白羽衣抬首看了看日头,柔声说道:“时辰尚早,我们不如早些去到定康。”
“好嘞,全凭娘子做主。”
顾冲一脸坏笑,声声娘子唤的那叫响亮。
裴三空驾车出城,向着定康而去。
“娘子……”
顾冲在车厢内刚一开口,却惹来白羽衣怨怪的眼神,“你还唤,怕不是唤的习惯了吧。”
“嘿嘿,还真是。”顾冲讪笑几声,随即收起笑容,正色说道:“到了定康,我让书生去寻邵二南,只是担心他有所猜忌,未必会来。”
白羽衣侧过身去,将胸前那块玉牌取出,递与顾冲。
“二南叔识得这块玉牌,持此物前去,他必会前来。”
顾冲接过玉牌,入手时尚带着白羽衣身上的温热。
“嗯,只要找到二南叔,我们就可以回去梁国……”
未时刚过,马车便来到了定康城。
吕不准已先一步至此,正在城门下等候。
见到马车到来,他转身向城内走去。
裴三空跳下马车,牵着缰绳远远地跟在吕不准身后。
到了一家客栈,顾冲搀扶白羽衣下了马车,对吕不准低声吩咐:“你将书生唤来。”
吕不准点点头,回道:“二楼东侧两间客房,公子上去便是。”
进入房间没一会儿,书生便前来叩门。
顾冲将白羽衣玉牌交于书生,叮嘱道:“去靠山村,找一个名叫邵二南的人,就说白姑娘请他前来议事。”
书生接过玉牌,点头称是,问道:“此是何人?”
“他是白姑娘父亲的旧部,知晓入山路径,在靠山村经营一家铁匠铺……”
书生另带一匹空马,只用了半个时辰便赶到了靠山村。稍作打听,他便知晓了铁匠铺的所在。

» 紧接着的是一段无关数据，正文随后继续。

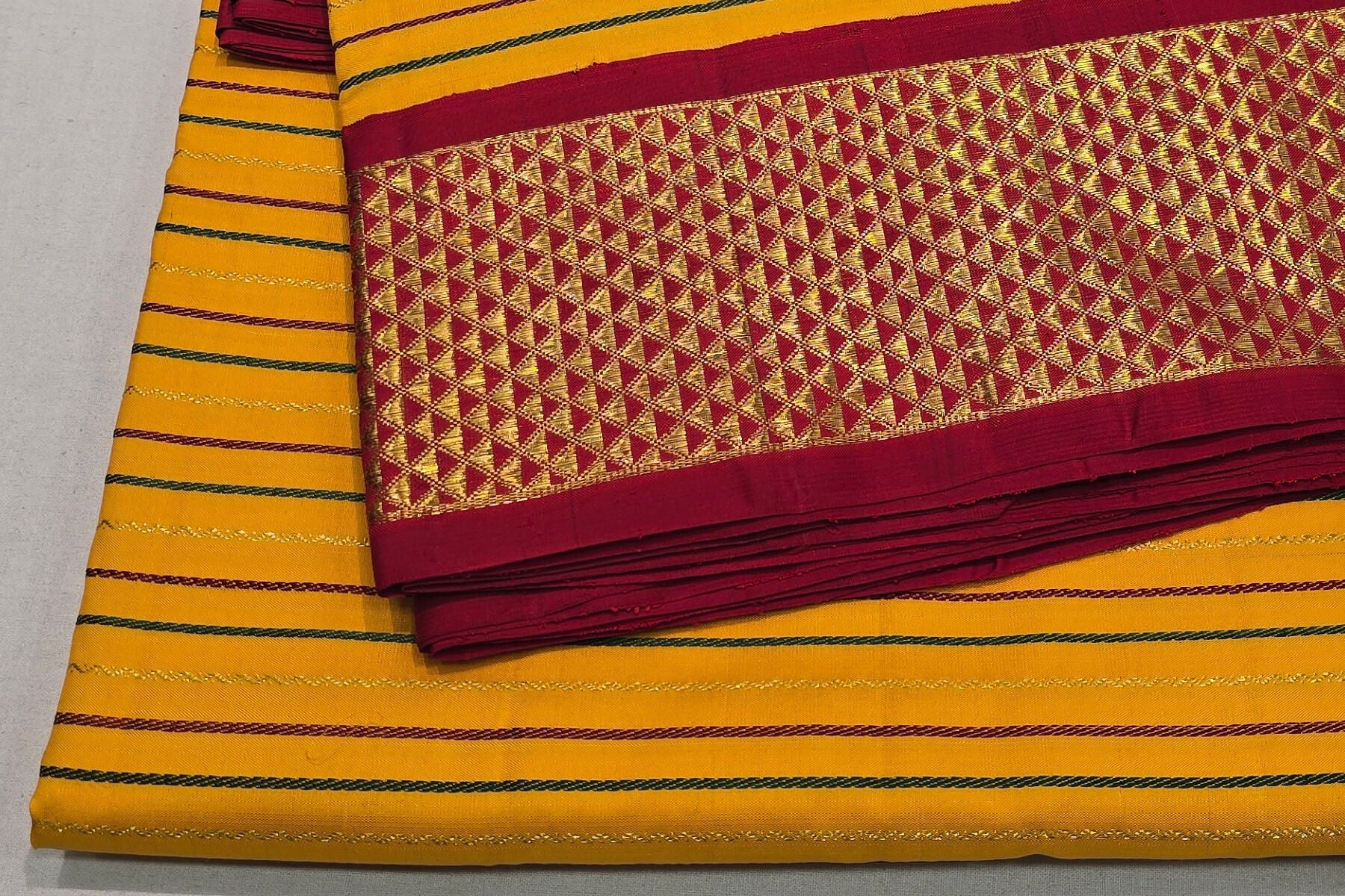 This sophisticated 10 yards madisar silk saree features a bright yellow body beautifully accented with vibrant red borders and paloo. Included with a matching blouse, it offers a complete traditional ensemble. Crafted from premium silk, this saree combines vivid colors with classic elegance, perfect for ceremonial occasions and cultural celebrations.

邵二南刚欲抡起铁锤,忽然瞥见店铺外一人两马,正缓缓向自己走来。
他持铁锤的右臂缓缓垂下,双目凝神注视着来人,心中隐约感到,或有什么事情发生。
书生停下脚步,与邵二南对视片刻,拱手问道:“敢问可是邵铁匠吗?”
邵二南淡淡一笑,看似不经意的将铁锤丢弃在一旁,向前两步,将一根铁钎握在手中。
“不错,阁下是谁?找我何事?”
书生左右环顾,见四周无人,便开口道:“我奉命前来寻你,白姑娘有事与你相商。”
邵二南面上平淡如水,淡声说道:“你寻错人了,我不认识白姑娘。”
书生缓缓上前,将玉牌呈现在邵二南面前,“你不识得白姑娘,可识得此物?”
见到玉牌,邵二南壮硕的身躯微微一震,他紧锁眉头,将玉牌拿到眼前细看。
“这……这是小姐的玉牌……她现在哪里?”
邵二南双手微颤,粗厚的手掌竟拿不稳那小小的玉牌。
书生跟着说道:“白姑娘现在定康城内。”
邵二南激动不已,厚实的嘴唇微微颤动,“小姐怎会来了齐国?”
书生耐着性子,解释道:“白姑娘是随从顾大人前来出使,怎料齐国竟欲对她不利,现今关闭边关,我等无法返回梁国。”
邵二南立刻便明白了,当下将玉牌交还书生,沉声道:“稍待片刻,容我回家中换件衣物,便与你同去见小姐。”
书生点头道:“好,速去速回。”
邵二南应了一声,转过身时,眼中竟有了泪花闪现。